Bowie’s method was used “in many Martin programs” and yet is practically unknown in academic circles. Scarazzini’s thesis shows the method works well for his problem.
Nonlinear pendulum
My first thought when I saw the form of differential equations Bowie’s method solves was the nonlinear pendulum equation
y″ = − sin(y)
where the initial displacement y(0) is too large for the approximation sin θ ≈ θ to be sufficiently accurate. I wrote some Python code to try out Bowie’s method on this equation.
import numpy as np
N = 100
y = np.zeros(N)
yp = np.zeros(N) # y'
y[0] = 1
yp[0] = 0
T = 4*ellipk(np.sin(y[0]/2)**2)
h = T/N
f = lambda x: -np.sin(x)
fp = lambda x: -np.cos(x) # f'
fpp = lambda x: np.sin(x) # f''
for n in range(0, N-1):
y[n+1] = y[n] + h*yp[n] + 0.5*h**2*f(y[n]) + \
(h**3/6)*fp(y[n])*yp[n] + \
(h**4/24)*(fpp(yp[n])*yp[n]**2 + fp(y[n])*f(y[n]))
yp[n+1] = yp[n] + h*f(y[n]) + 0.5*h**2*fp(y[n])*yp[n] + \
(h**3/6)*(fpp(yp[n])*yp[n]**2 + fp(y[n])*f(y[n]))
(Update: The code above was updated January 4, 2026 to fix a bug.)
Here’s a graph of the numerical solution.

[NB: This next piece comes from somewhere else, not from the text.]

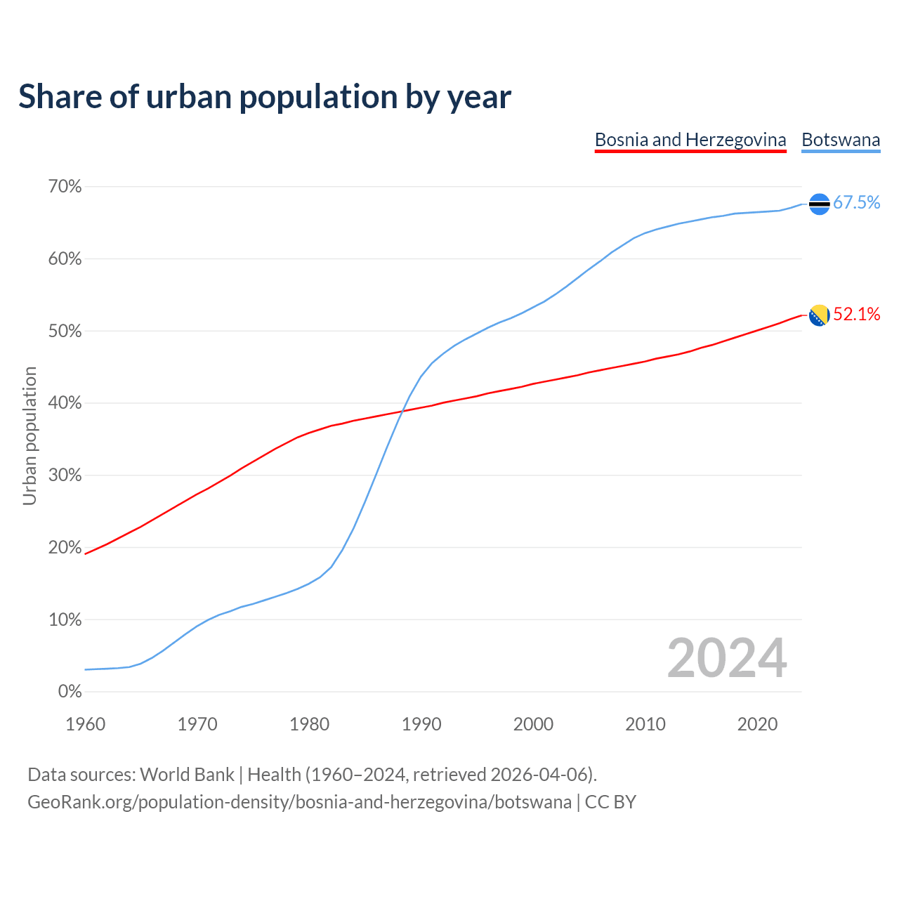 From 2004 to 2024, the share of urban population changed from 43.8% to 52.1% in Bosnia and Herzegovina and from 57.3% to 67.5% in Botswana.

The solution looks like a cosine, but it isn’t exactly. As I explain here,
The solution to the nonlinear pendulum equation is also periodic, though the solution is a combination of Jacobi functions rather than a combination of trig functions. The difference between the two solutions is small when θ0 is small, but becomes more significant as θ0 increases.
The difference in the periods is more evident than the difference in shape for the two waves. The period of the nonlinear solution is longer than that of the linearized solution.

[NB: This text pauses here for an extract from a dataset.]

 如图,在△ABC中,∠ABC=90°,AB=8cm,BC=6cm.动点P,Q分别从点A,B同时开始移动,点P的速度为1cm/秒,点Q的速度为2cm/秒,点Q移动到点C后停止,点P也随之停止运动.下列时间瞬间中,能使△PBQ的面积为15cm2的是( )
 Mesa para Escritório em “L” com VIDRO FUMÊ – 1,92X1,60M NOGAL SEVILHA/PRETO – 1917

That’s why the period T in the code is not
2π = 6.28
but rather
4 K(sin² θ0/2) = 6.70.
You’ll also see the period of the nonlinear pendulum given as 4 K(sin θ0/2). As pointed out in the article linked above,
There are two conventions for defining the complete elliptic integral of the first kind. SciPy uses a convention for K that requires us to square the argument.
Related posts
[1] Alex Scarazzini.3D Visualization of a Schwarzschild Black Hole Environment. University of Bern. August 2025.
I believe the expression “fpp(yp[n])**2” should be “fpp(y[n]) * (yp[n])**2″ in both formulas. This is best seen by writing y” = k f(y), where f and its derivatives are dimensionless and k has the units of 1/h^2. The formulas are then just Taylor series expansions in which higher derivatives of y are written in terms of f.

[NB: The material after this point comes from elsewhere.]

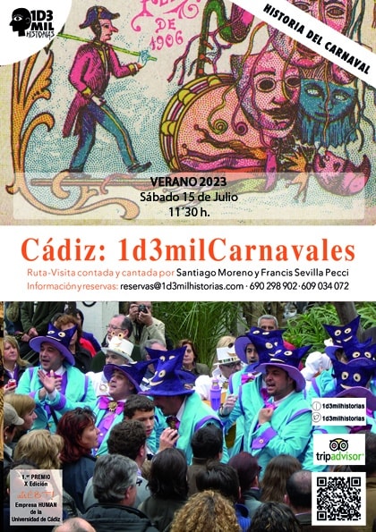 ¿Cuando surge el Carnaval en Cádiz? ¿Desde cuando existe el Concurso de coplas de Carnaval? ¿Cómo surgieron las distintas modalidades de agrupaciones y cuales siguen vigentes? ¿Y sus lugares de celebración? Todas estas respuestas y mucho más en un nuevo paseo contado y cantado por el casco histórico de Cádiz. Con más de 20 coplas de Carnaval desde 1884 hasta la actualidad. Y como fin de fiesta, un aperitivo en una taberna de Cádiz, ¿te lo vas a perder?

It was fascinating to see this application of numerical analysis to aerospace.
I double checked the formulas with page 30 of Alex Scarazzini’s thesis. If there’s an error, it’s in the thesis too. The code in the thesis was thoroughly tested in the course of writing the thesis, though perhaps the equations and the code don’t match.
Interesting. The error must be a typo in the thesis, because the code that implemented the method has had such a venerable history. The tipoff is that f and its derivatives are functions of t, so it’s hard to see how an approximation can include a term that’s a derivative of f(y’).
I can’t find the Scarazzini thesis on line. The original (?) source for Bowie’s method is on pages IV-8 and IV-9 of NASA Orbital Flight Handbook Part 1, available at https://ntrs.nasa.gov/api/citations/19630011221/downloads/19630011221.pdf
That description is hard to understand, and it’s hard to see the relationship to the code in this post.
Around 30 years ago I wrote a Borland Pascal program that contained every numerical integration method I could find, plus some I invented.
I tested them all on equations with available analytic solutions. One method failed to give the claimed order of accuracy, and I was able to find a typo in the book by systematically varying all the coefficients until the accuracy improved. I wrote the correction in a library book in ink.
@asada: You were right about the bug fix.
@Tom: The thesis hasn’t been posted publicly yet.